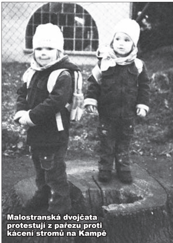
Malostranská dvojčata protestují z pařezu proti kácení stromů na Kampě

Prostě zachovat volnost anglického parku. Čas ukázal, že naši předkové určili vzhled a atmosfé-
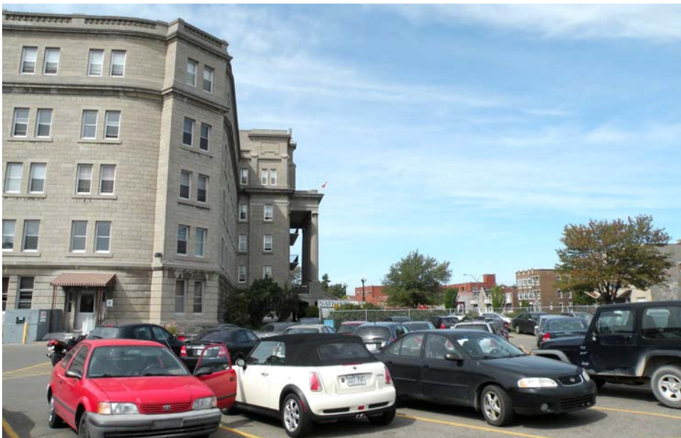
Terrain de stationnement aménagé au sud-est du bâtiment.
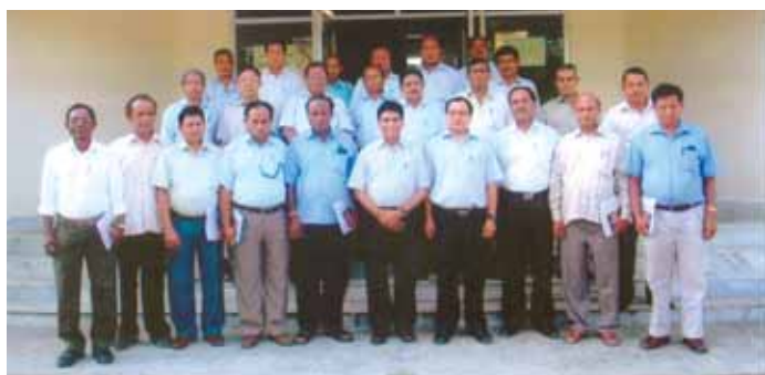
Program on Planning for a happy retirement life by SD Consulting held from 27th to 28th June, 2012 at ETDC, Duliajan
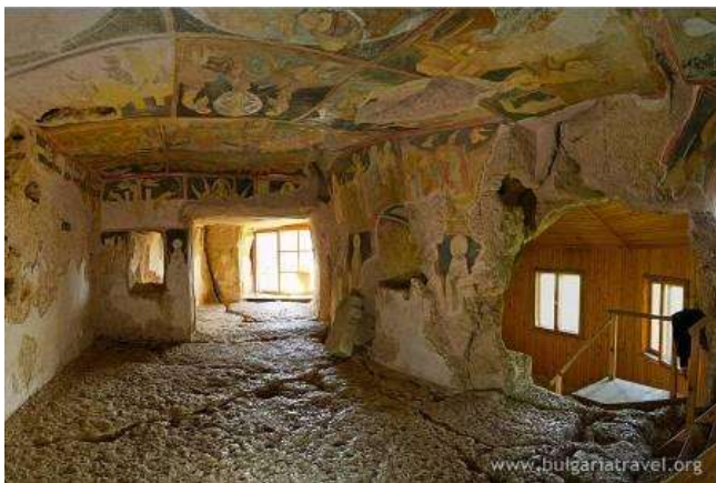
Esglésies rupestres a Ivanovo
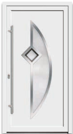
Modell 5558-70 | D1+D2 Rahmen – Edelstahloptik Glas: G 1413 mattiertes Glas mit klarem Rand Griff: 9027-13 Edelstahl
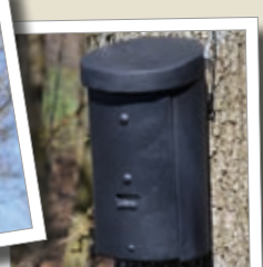
Budka pro kolonii netopýřů 2FS Obj. č. 00 233/4
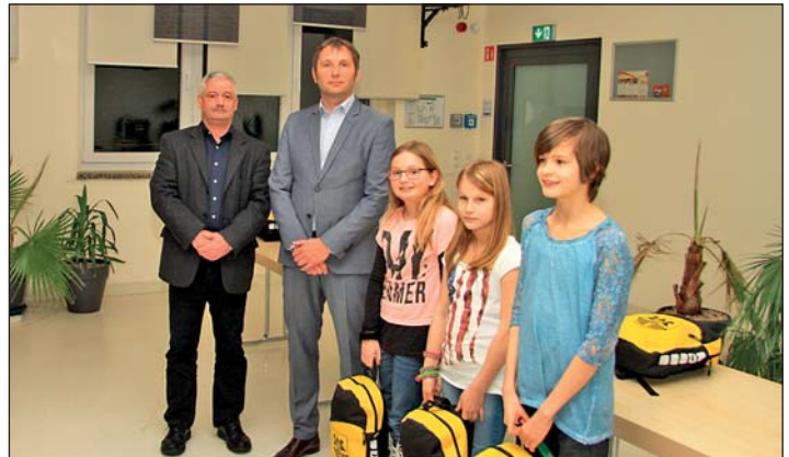
Mädchenmannschaft U10 vom BSC Motor Rochlitz Abteilung Faustball
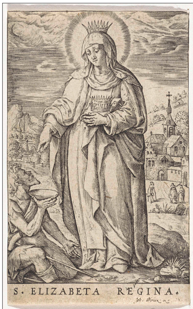
1. kép: Johannes Wierix, Szent Erzsébet, Rijksmuseum Amsterdam, RP-P-1904-1248

a magyar koronához hasonló jelvényt használt a családi címerében is 1594-ben. 18 1605-ben Dél-Németalföldön megjelent egy színdarab Szent Imréről, amelyben a jezsuita szerző ismét a Croÿ család elképzelt Árpád-házi gyökereit hangsúlyozta. 19 Ebben a kontextusban kell vizsgálni Szent István király alakját, ami több
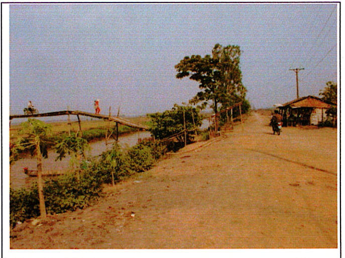
写真 2 : 取付道路
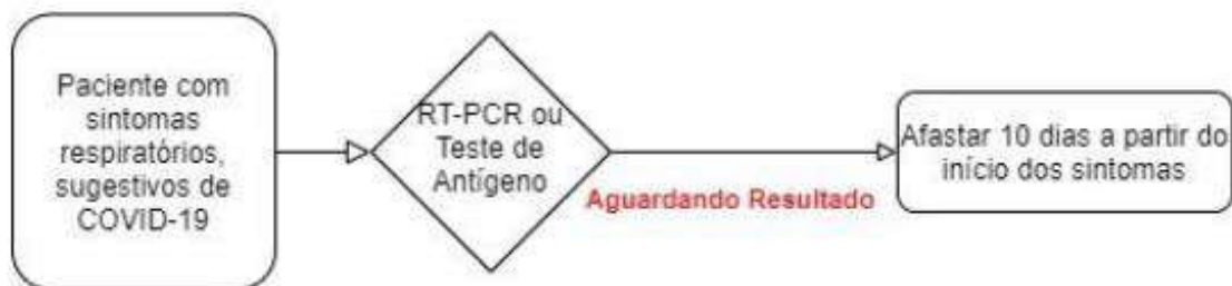
Fluxograma 1. SÍNDROME GRIPAL SUSPEITA PARA COVID 19
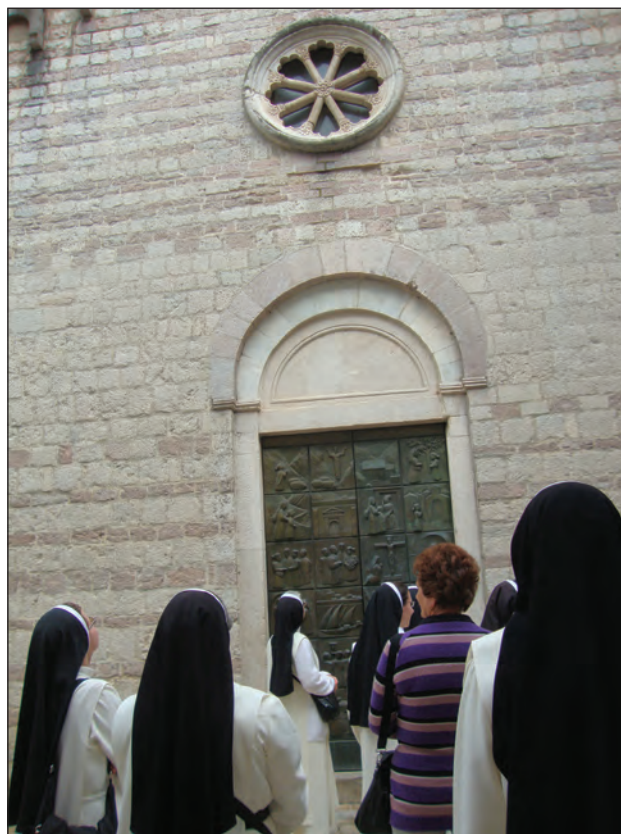
Figure 3: Dominican Sisters of the Congregation of the Holy Guardian Angels in front of the church of St. Mary Collegiata in Kotor (Blessed Ozana Church)

Jedna suvremena perspektiva čitanja nam omogućuje ne samo uvid u specifičnosti poetskog izraza kotorskog areala u vrijeme barokne stilske formacije, već i stavljanje kulturnih ostvarenja (ne samo književnih) u kontekst južnoslavenske, mediteranske, pa i europske književne ostavštine; čime se ispoljena obilježja mogu posmatrati sa stanovišta njihove re-aktuelizacije i re-afirmacije.
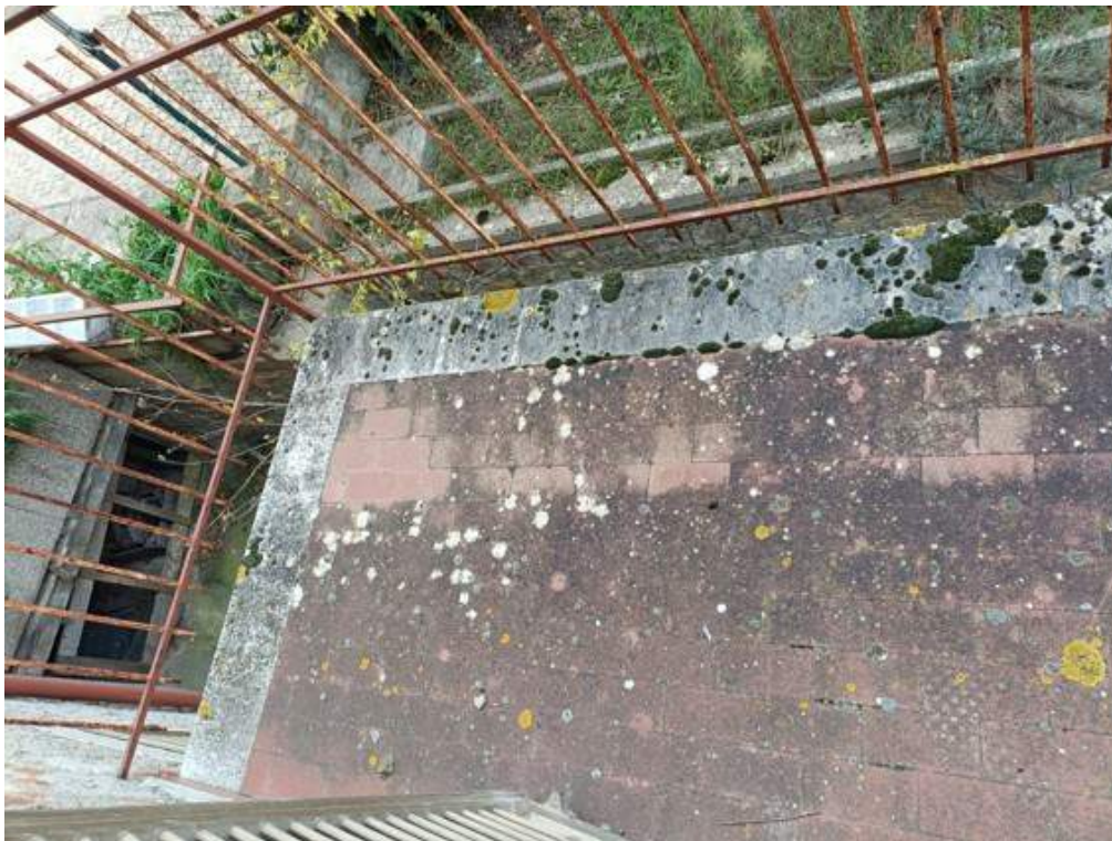
Fotografia I.30 - Balcone piano secondo lato sud
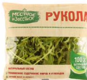
Салат "Местное Известное" Руккола, 60 г
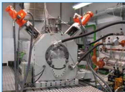
Figuur 3. De nog in aanbouw zijnde testopstelling voor glijlagers.
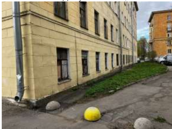
Фото 10. Окна Объекта оценки
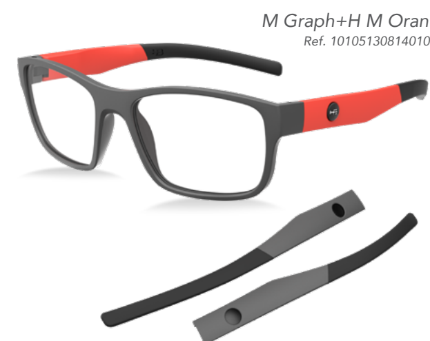
M Graph+H M Oran Ref. 10105130814010
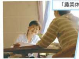
相談員が親身に対応します。
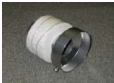
市販マフラー用(消音部材のみ)

この部品を付ける事によって、保安基準に適合するものではありません。装着車の音量を軽減する事が目的です。
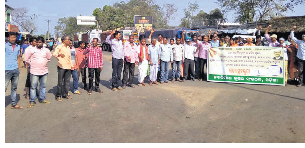
ବନ୍ତଳାଠାରେ ସଙ୍ଗଠନ ପକ୍ଷରୁ ରାସ୍ତାରେକୋ କରାଯାଇଛି।
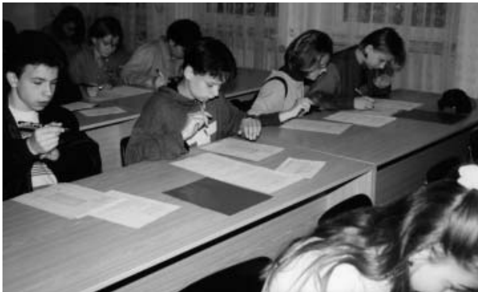
▲ Žiaci na hodine cudzieho jazyka
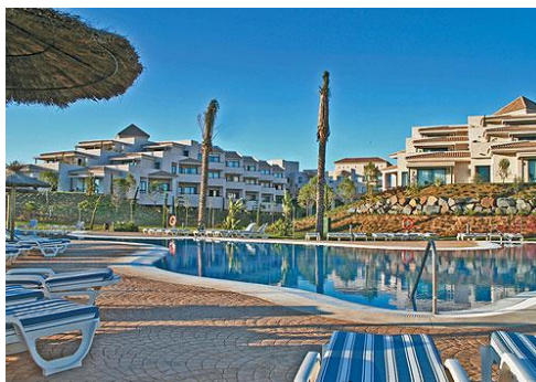
Un hôtel de luxe posé sur un golf.
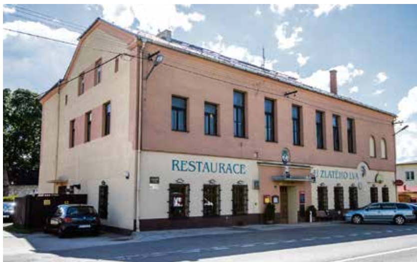
Restaurace U Zlatého lva, jak ji známe dnes.
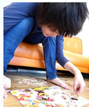
「得意のパズル がんばるぞー」
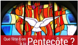
Que fête-t-on à la Pentecôte ?

L'événement de la Pentecôte ne peut être compris qu'en lien avec Pâques et l'Ascension. Jésus est mort pour le salut du monde (le Vendredi Saint ), ressuscité (le jour de Pâques ) et parti rejoindre le Père (à l' Ascension ). À la Pentecôte, Dieu le Père envoie aux hommes l'Esprit de son Fils. Cette fête clôt le temps pascal, qui dure sept semaines, et dont elle est le couronnement.
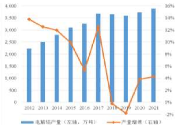
图 1：近年来我国电解铝产量及增速情况

产量方面，在上年同期疫情影响基本消除的情况下，自2021年1月以来电解铝月度产量显著高于上年同月水平；但能耗双控及限电限产对电解铝生产的影响从第三季度起逐步显现，11月月度产量已低于去年同月水平；整体来看，2021年我国电解铝产量同比增长4.29%至3,890万吨，产量不及预期。生产成本方面，氧化铝及电力成本在电解铝生产成本中占比达70%以上；2021年原燃料价格上涨使得电解铝生产成本持续增长，并于11月份突破20,000元/吨；但全年来看，由于铝价涨幅超过成本涨幅，电解铝行业整体仍实现较好盈利。 中诚信国际关注到 ，在“碳达峰”、“碳中和”的政策背景之下，电解铝行业产能扩张或面临更多政策阻力，生产经营亦面临成本上涨、能源结构有待改善等挑战，需持续关注行业政策变化及开工率变化等对供给端产生的影响。
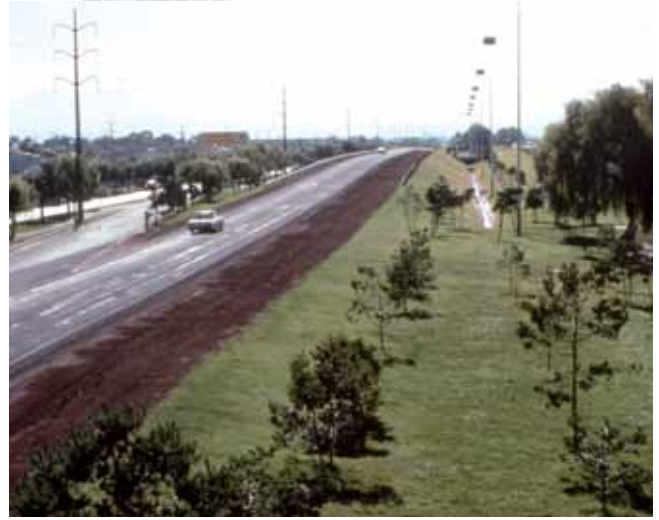
▲► Vistas del Paseo Toluca, Estado de México

La arquitectura de paisaje debe ser consciente de que configura el ámbito del hábitat humano en su relación con todos los seres vivos y el conjunto de la naturaleza. Debe, pues, abandonar la idea de que trabaja en una sociedad instituida, para dar paso a su inserción en los mecanismos de la sociedad instituyente
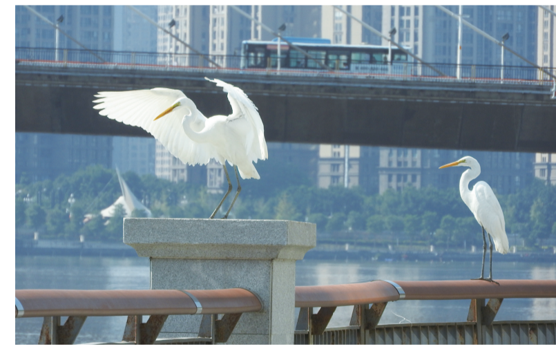
闽江畔苍霞公园,白鹭振翅欲飞
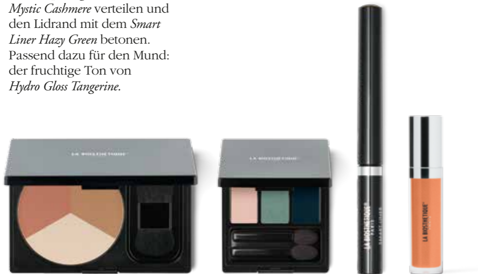
Contouring Powder 02 Magic Shadow Trio Mystic Cashmere Smart Liner Hazy Green Hydro Gloss Tangerine (v.l.n.r.)

Die neuen Looks feiern die natürliche Schönheit mit einem Zusammenspiel sehr subtiler Farben. Sie unterstreichen und akzentuieren, ohne sich in den Vordergrund zu drängen. Für den Tag ein Make-up der leichten Hand, das für den Abend mit etwas mehr Farbe an Ausdrucksstärke zulegt. Und so wird geschminkt: Den Teint mit Foundation grundieren und mit Contouring Powder 02 modellieren. Fürs Augen-Make-up Magic Shadow Trio Mystic Cashmere verteilen und den Lidrand mit dem Smart Liner Hazy Green betonen. Passend dazu für den Mund: der fruchtige Ton von Hydro Gloss Tangerine .
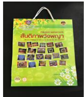
ภาพผลิตภัณฑ์/บริการ (ก่อน)
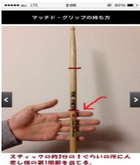
図 2.3 ドラムの基本
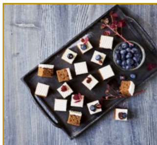
Gulerodskage Udskåret 2 x 96 stk. Varenr. 300222 2 x 1350 g/14 g pr. stk.
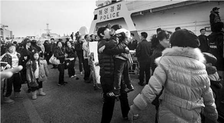
BERPELUKAN: Seorang ayah baru bertemu dan menciumi anaknya yang baru keluar dari kapal di pelabuhan Incheon, Korsel. Mereka menumpang kapal berbeda saat berangkat dari Pulau Yeonpyeong, kemarin.

Obama dibangunkan dari tidur sekitar pukul empat pagi Selasa waktu setempat untuk menerima
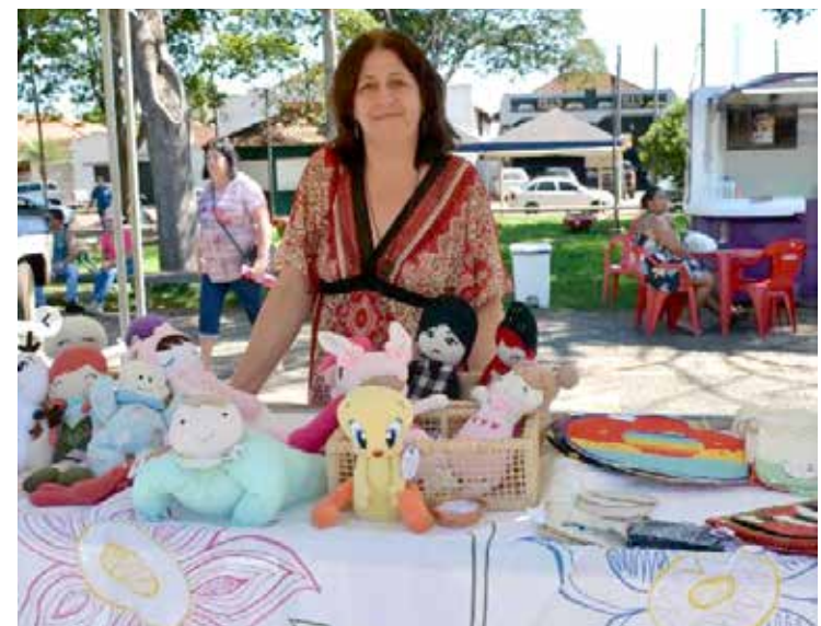
Trabalho artesanal elogiado por todos os visitantes
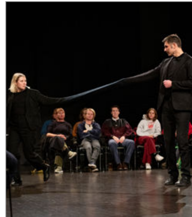
Danse staur, danse staur
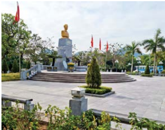
Tượng cụ Vũ Văn Hiếu dựng ở vị trí trang trọng, khuôn viên rộng 8.300m 2 trong công viên Lán Bè, phường Bạch Đằng, thành phố Hạ Long

Cuộc đời làm cách mạng của cụ Vũ Văn Hiếu vô cùng kiên trung bất khuất. Cụ sinh năm 1907 tại ấp Văn Định, xã Quần Phương Thượng, huyện Hải Hậu, tỉnh Nam Định. Vốn là người thông minh, năng động, Vũ Văn Hiếu đã sớm nhận ra sự bất công khi đất nước bị thực dân Pháp đô hộ. Khi trưởng thành, vào năm 1928, cụ đi lao động ở mỏ than thì gặp được các nhà cách mạng Nguyễn Văn Xứng (Lê Thanh Nghị), Nguyễn Khắc Khang (Lê Quốc Trọng), được truyền đạt tư tưởng cách mạng của lãnh tụ Nguyễn Ái Quốc, cụ càng hiểu thêm nỗi khổ của nhân dân, đất nước nô lệ và con đường đấu tranh giai cấp, giành độc lập cho dân tộc.
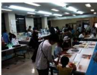
土器復元体験・石器レプリカ製作等
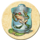
8x ホルマリン漬 けのカエル
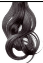
1/00 Negro Natural
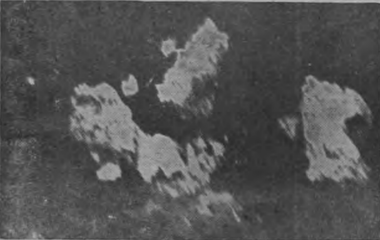
Piedras captadas por nuestro fotógrafo Valenzuela en el momento que lanzadas por la violenta erupción caían sobre los arrabanes, cerca de donde se encontraba.
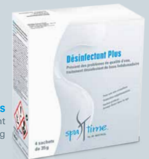
Désinfectant Plus boîte contenant 4 sachets de 35 g

Ce produit est compatible avec toutes les méthodes d'entretien (au chlore ou sans chlore tel que l'oxygène actif ou le brome).
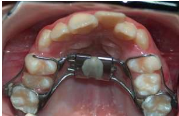
Figura 5: Tornillo de expansión Tipo Hyrax
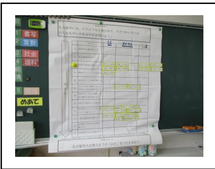
① 各自の課題確認の張り出し
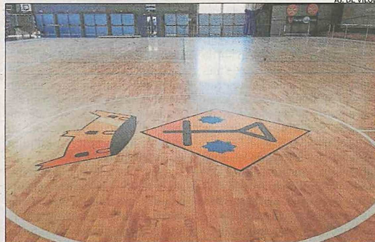
AL DE VILOBÍ

► El pavelló de Vilobí d'Onyar ja torna a estar obert al públic, després de les obres de millora iniciades al febrer passat. La principal actuació va consistir a instal·lar parquet a la pista d'aquest equipament municipal, que era de formigó. També es va habilitar una sortida d'emergències o posar detectors de fum. D'aquesta manera, el pavelló ja pot tornar a acollir les activitats com vòlei, zumba o bàsquet, que ara es feien a Sant Dalmaí.
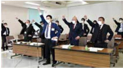
ガンバロー三唱 小島職員
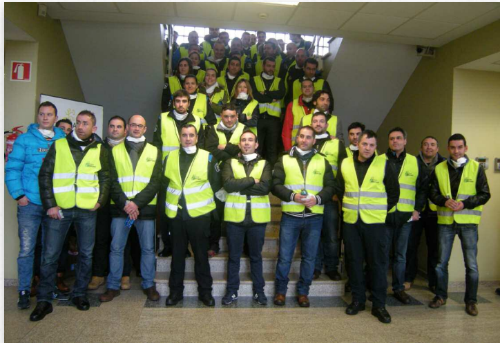
O grupo de policías locais fixo un percorrido polas instalacións de Sogama
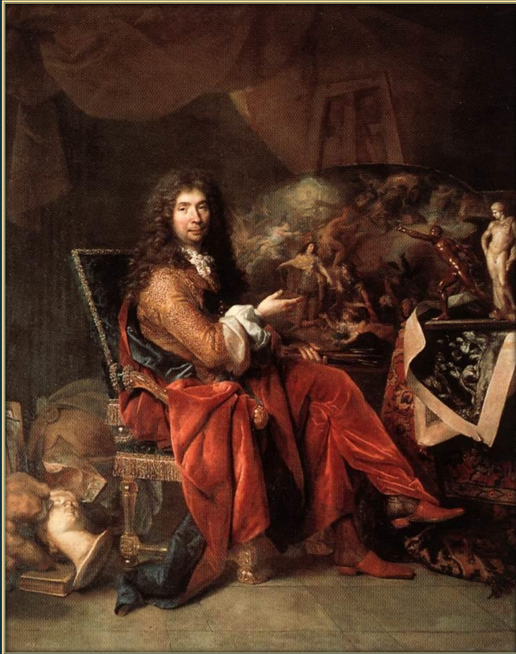
Никола де Ларжильер. Портрет Шарля Лебрэна, 1686
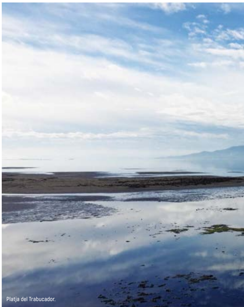
Platja del Trabucador.

Llegamos a Las Salinas, al lado de San Pedro de Pinatar y aparcamos en el parking de la marina deportiva, estamos muy tranquilos y con buena vista, además hay un bar que nos ha dicho que cierra tarde y abre a las ocho de la mañana,
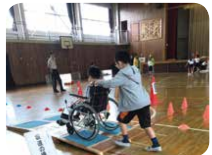
車いす・目かくし体験学習支援の様子
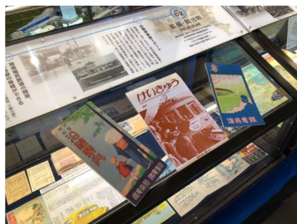
コレクションイメージ

※NFT Non-Fungible Token，非代替性トークンの略称で，「偽造・改ざん不能のデジタルデータ」であり，ブロックチェーン上で，デジタルデータに唯一性を付与して真贋性を担保する機能や，取引履歴を追跡できる機能をもつ。

■ **PROBLEM DESCRIPTION**: Give again exactly the lines running from the beginning of the material above through the line that contains "Esglésies rupestres a Ivanovo", and leave out every picture.

■ **SOLUTION TO THIS TASK**:
Malostranská dvojčata protestují z pařezu proti kácení stromů na Kampě

Prostě zachovat volnost anglického parku. Čas ukázal, že naši předkové určili vzhled a atmosfé-
Terrain de stationnement aménagé au sud-est du bâtiment.
Program on Planning for a happy retirement life by SD Consulting held from 27th to 28th June, 2012 at ETDC, Duliajan
Esglésies rupestres a Ivanovo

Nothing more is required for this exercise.